#### WHAT THIS TASK INVOLVES
Here is the task for the listing below: output exactly the lines from the one containing "妈妈冬装运动服套装两件套2025新款秋冬季加绒加厚外套保暖上衣女" through the one containing "Права доступу можливо", and leave out the pictures.
--- MATERIAL FOR THIS EXERCISE ---
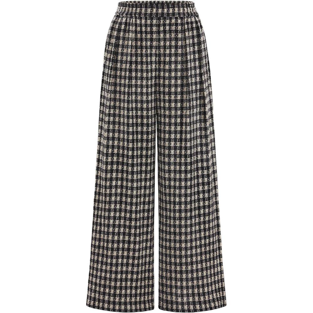PRETTYGARDEN Casual Women's Pants 2025 Elastic Waist Palazzo Long Stretchy Wide Leg Trousers Knit Fall Outfits with Pockets(Plaid Black Apricot)
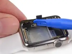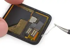 Вверху слева находятся два шлейфа, соединяющие экран с внутренностями часов. Будьте осторожны при поддевании, чтобы не повредить эти шлейфы.
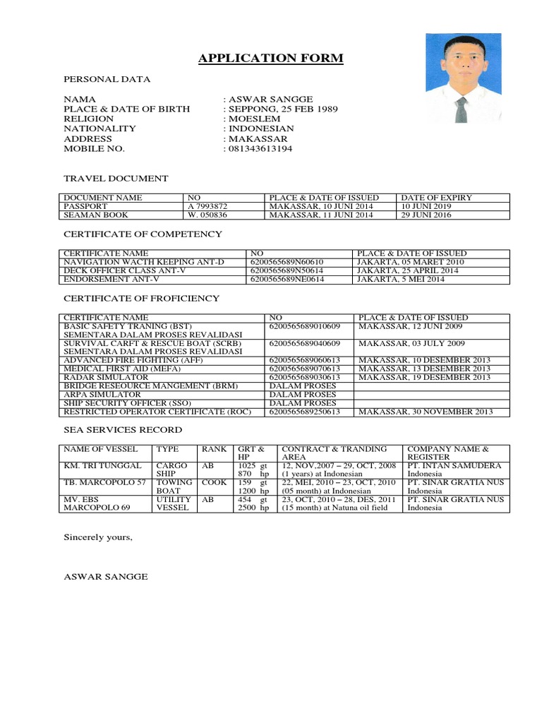 96 curriculum vitae bahasa inggris pelaut. Ya itulah tips contoh cv pelaut yang baik dan benar. Karena itu jika anda membutuhkan contoh cv pelaut silahkan download contoh cv pelaut yang telah kami sediakan file nya. Cv atau nama lainnya daftar riwayat hidup dalam bahasa inggris kadang sangat dibutuhkan walaupun bekerja di perusahaan instansi dalam negeri. Cv lamaran kerja bahasa inggris yang menarik bukan hanya dilihat dari cover atau desain tetapi juga gaya penulisan dan kerapihan dad berbagai sisi.
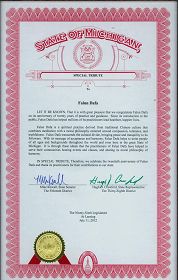 因此,我们特别表示敬意,庆祝法轮大法二十周年,并感谢其修炼者们对密西根州的贡献。
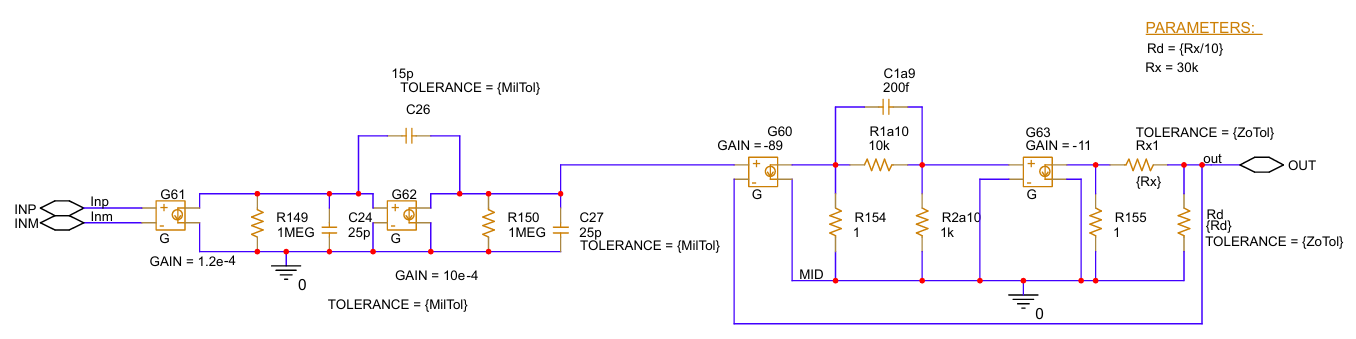 对放大器环路稳定性进行精确建模涉及的两个主要因素是开环增益和开环输出阻抗。德州仪器的标准运算放大器宏模型 Green-Williams-Lis (GWL) 为 2016 年之后发布的所有运算放大器准确表征了这些参数。许多更受欢迎的运算放大器(例如LM2904及其更新版本LM2904B)也具有为其创建的 GWL 宏模型。SPICE 宏模型的库文件包含一个头文件,此文件详细说明了在 SPICE 模型中准确反映的参数。如果对开环增益和开环输出阻抗建模,则模型的稳定性很可能会反映器件的性能。
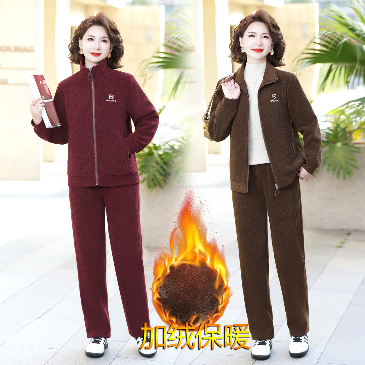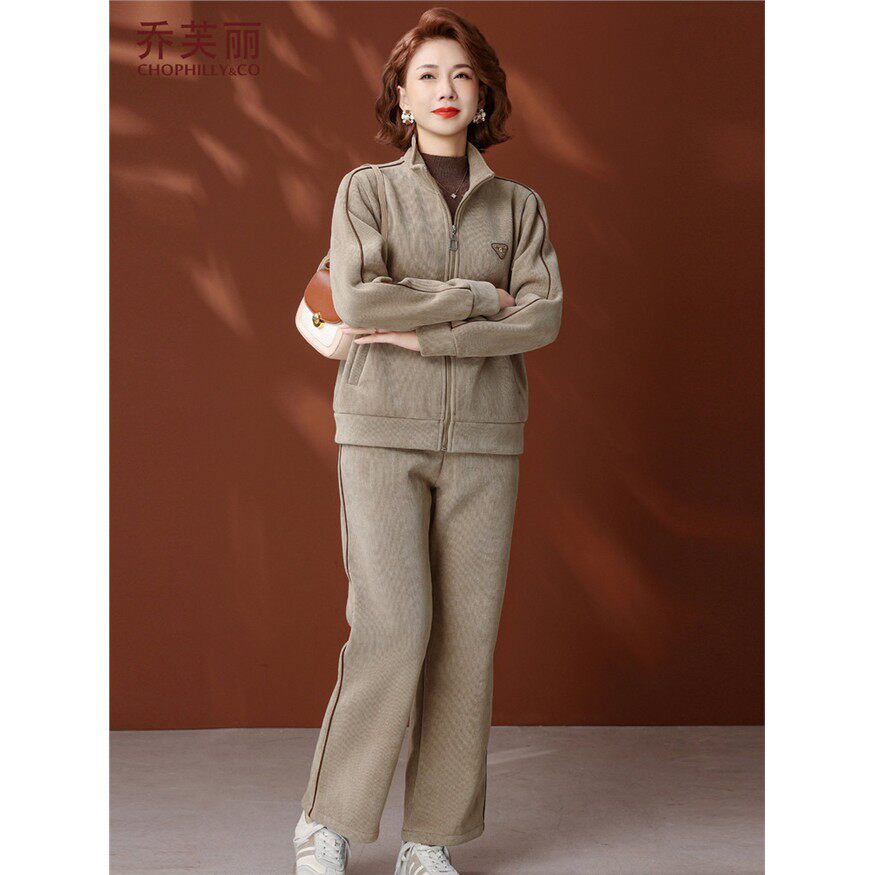 妈妈冬装运动服套装两件套2025新款秋冬季加绒加厚外套保暖上衣女
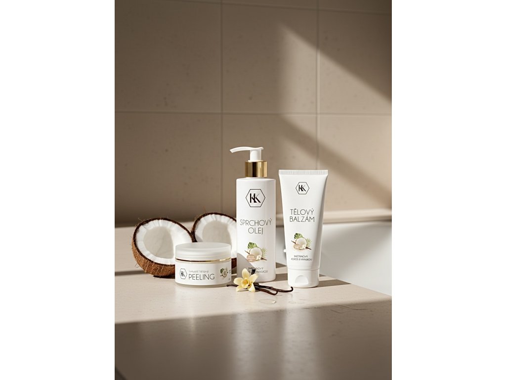 Smetanový kokos s vanilkou – luxusní tělová sada pro hydrataci a hebkou pokožku Luxusní dárková sada tělové péče s vůní kokosu a vanilky
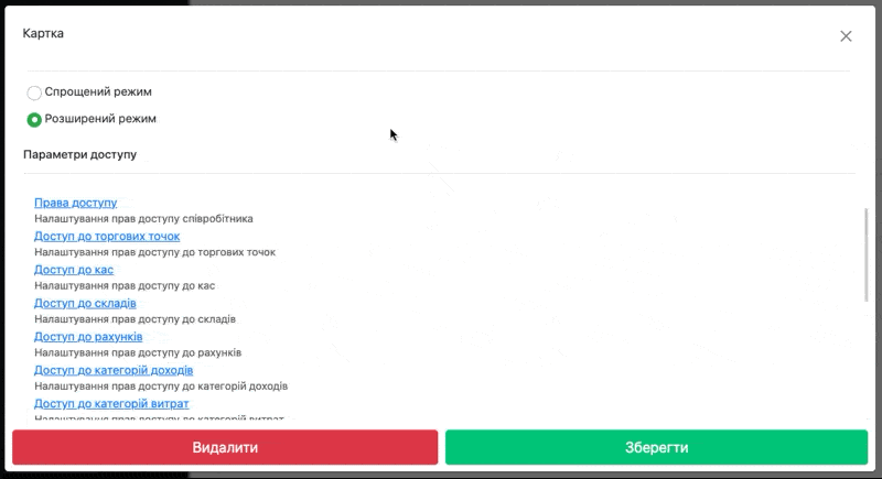 ☝🏻Дані Права доступу можливо налаштувати також в Посаді працівника:
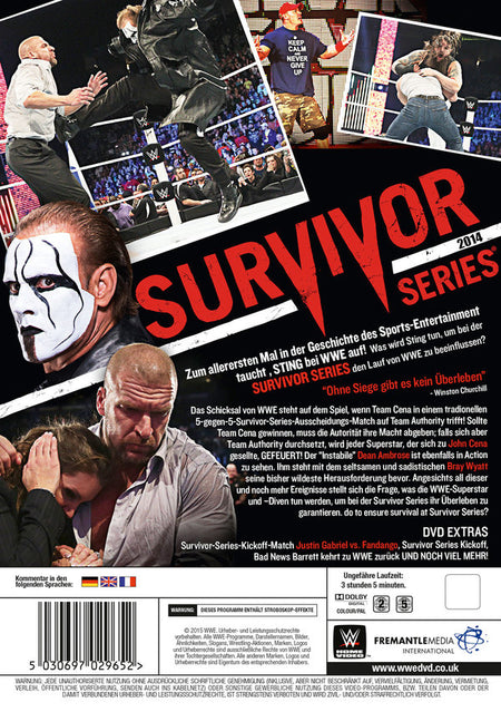 Das Schicksal von WWE steht auf dem Spiel, wenn Team Cena in einem tradionellen 5-gegen-5-Survivor-Series-Ausscheidungs-Match auf Team Authority trifft! Sollte Team Cena gewinnen, muss die Autorität ihre Macht abgeben; falls sich aber Team Authority durchsetzt, wird jeder Superstar, der sich zu John Cena gesellte, GEFEUERT! Der „Instabile“ Dean Ambrose ist ebenfalls in Action zu sehen. Ihm steht mit dem seltsamen und sadistischen Bray Wyatt seine bisher wildeste Herausforderung bevor. Angesichts all dieser und noch mehr Ereignisse stellt sich die Frage, was die WWE-Superstar und –Diven tun werden, um bei der Survivor Series ihr Überleben zu garantieren.
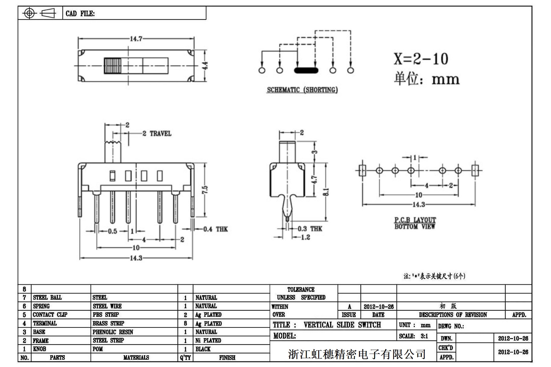 Verticaltoggle switch side dial/ Vertical slide switch technical indicators
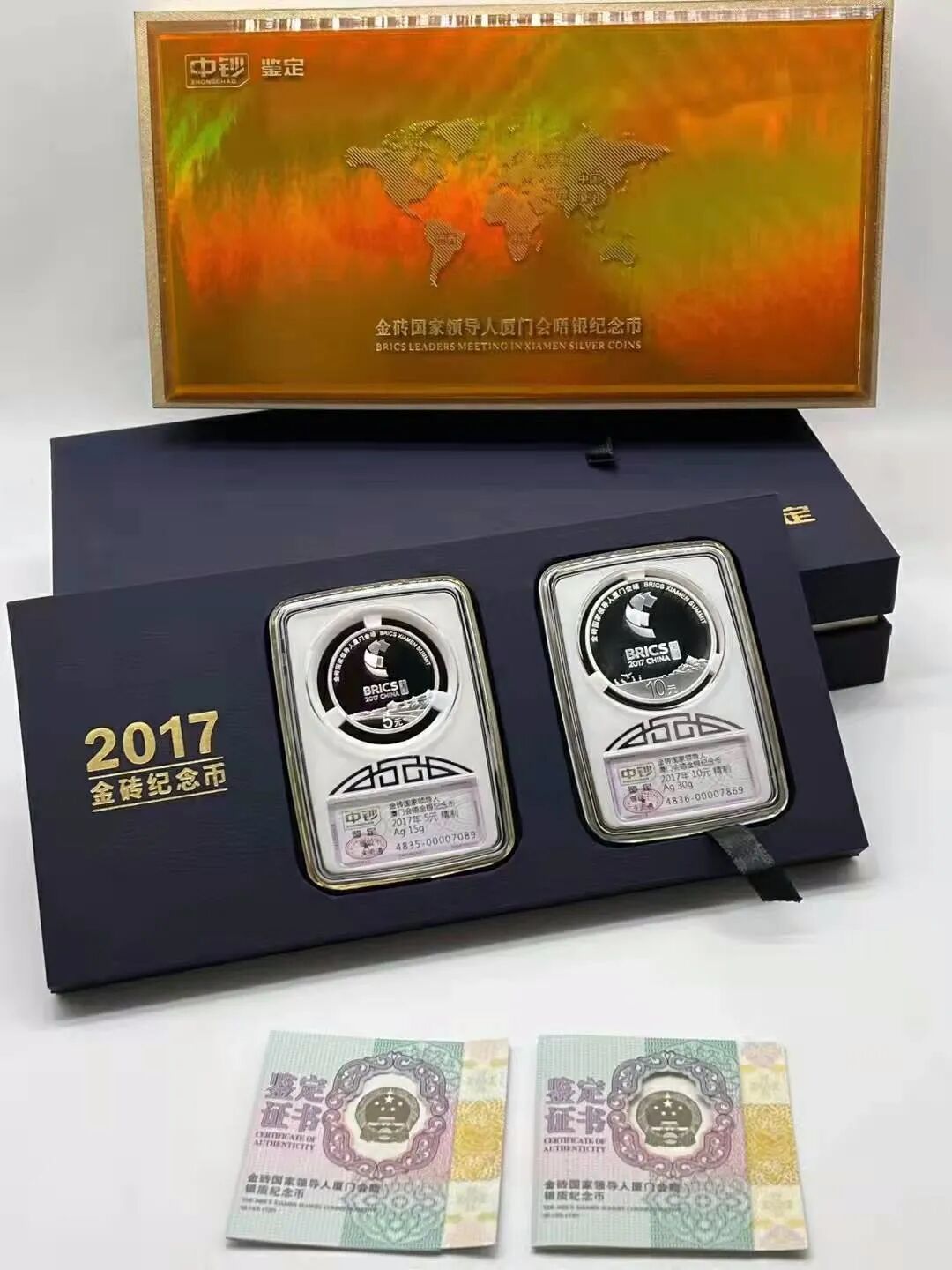 今天,小藏给大家带来一套少见的藏品:2017金砖国家领导人厦门会晤纪念银币套装(封装)。
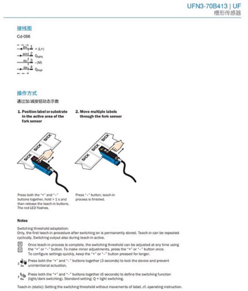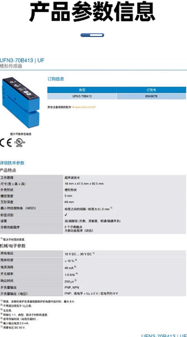 SICK 西克 UFN3-70B413 槽型標簽傳感器 超聲波貼標機槽型款光電開關透明標簽識別檢測傳感器TEL:13910098771
---
#### EXERCISE OUTPUT
 妈妈冬装运动服套装两件套2025新款秋冬季加绒加厚外套保暖上衣女
 Smetanový kokos s vanilkou – luxusní tělová sada pro hydrataci a hebkou pokožku Luxusní dárková sada tělové péče s vůní kokosu a vanilky
 ☝🏻Дані Права доступу можливо налаштувати також в Посаді працівника:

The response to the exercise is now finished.